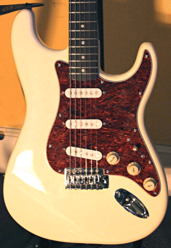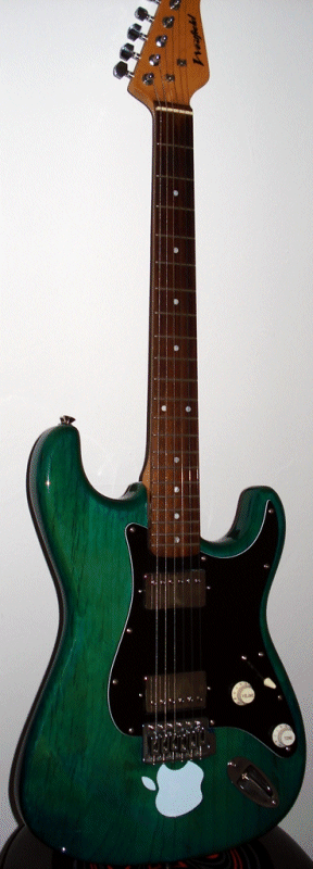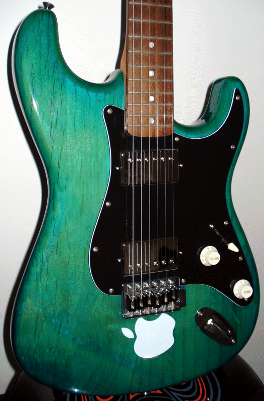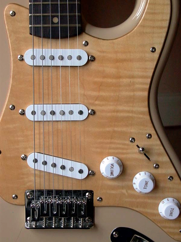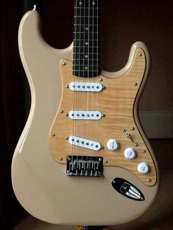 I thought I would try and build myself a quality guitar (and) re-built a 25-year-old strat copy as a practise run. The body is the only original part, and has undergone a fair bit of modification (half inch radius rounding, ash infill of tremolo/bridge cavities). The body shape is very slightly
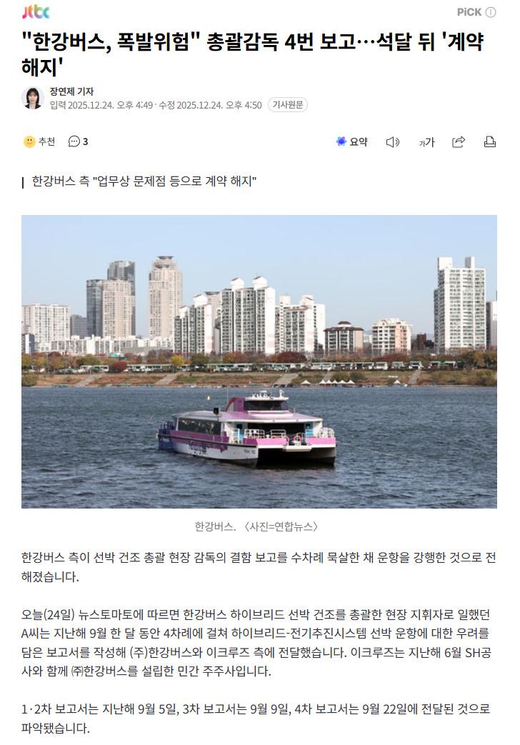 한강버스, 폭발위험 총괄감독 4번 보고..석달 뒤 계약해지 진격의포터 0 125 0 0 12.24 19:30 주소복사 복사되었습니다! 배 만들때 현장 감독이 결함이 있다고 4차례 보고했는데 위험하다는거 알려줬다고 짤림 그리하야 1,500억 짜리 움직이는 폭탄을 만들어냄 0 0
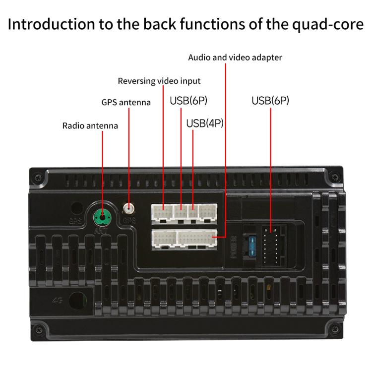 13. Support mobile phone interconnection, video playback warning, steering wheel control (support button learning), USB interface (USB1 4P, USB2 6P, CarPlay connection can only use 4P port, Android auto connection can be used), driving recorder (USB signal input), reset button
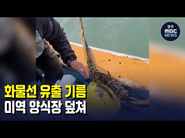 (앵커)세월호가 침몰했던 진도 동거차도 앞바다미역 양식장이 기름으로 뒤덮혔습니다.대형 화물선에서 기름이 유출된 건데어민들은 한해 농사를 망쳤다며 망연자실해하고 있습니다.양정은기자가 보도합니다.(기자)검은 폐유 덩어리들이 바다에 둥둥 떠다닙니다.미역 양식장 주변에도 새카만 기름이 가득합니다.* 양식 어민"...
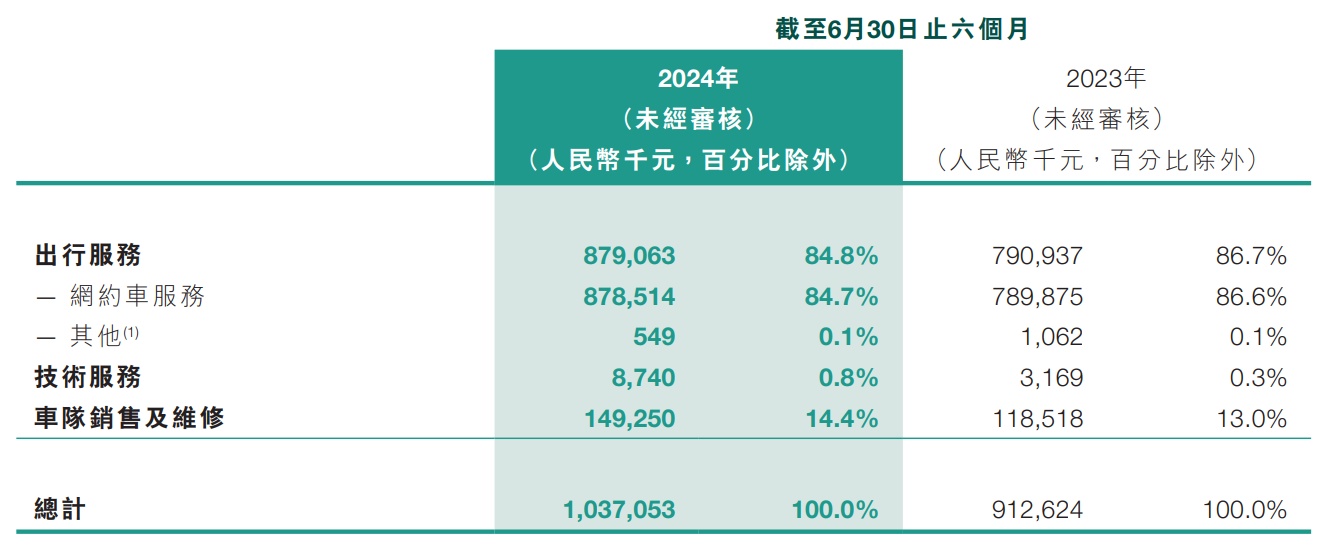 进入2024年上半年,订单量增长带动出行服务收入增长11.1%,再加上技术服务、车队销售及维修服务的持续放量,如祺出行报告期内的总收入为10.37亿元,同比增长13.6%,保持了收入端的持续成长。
=====
[Aim of the task] The answer consists of the records repeated exactly, without any images.

[Your solution]
 I thought I would try and build myself a quality guitar (and) re-built a 25-year-old strat copy as a practise run. The body is the only original part, and has undergone a fair bit of modification (half inch radius rounding, ash infill of tremolo/bridge cavities). The body shape is very slightly
 한강버스, 폭발위험 총괄감독 4번 보고..석달 뒤 계약해지 진격의포터 0 125 0 0 12.24 19:30 주소복사 복사되었습니다! 배 만들때 현장 감독이 결함이 있다고 4차례 보고했는데 위험하다는거 알려줬다고 짤림 그리하야 1,500억 짜리 움직이는 폭탄을 만들어냄 0 0
 13. Support mobile phone interconnection, video playback warning, steering wheel control (support button learning), USB interface (USB1 4P, USB2 6P, CarPlay connection can only use 4P port, Android auto connection can be used), driving recorder (USB signal input), reset button
 (앵커)세월호가 침몰했던 진도 동거차도 앞바다미역 양식장이 기름으로 뒤덮혔습니다.대형 화물선에서 기름이 유출된 건데어민들은 한해 농사를 망쳤다며 망연자실해하고 있습니다.양정은기자가 보도합니다.(기자)검은 폐유 덩어리들이 바다에 둥둥 떠다닙니다.미역 양식장 주변에도 새카만 기름이 가득합니다.* 양식 어민"...
 进入2024年上半年,订单量增长带动出行服务收入增长11.1%,再加上技术服务、车队销售及维修服务的持续放量,如祺出行报告期内的总收入为10.37亿元,同比增长13.6%,保持了收入端的持续成长。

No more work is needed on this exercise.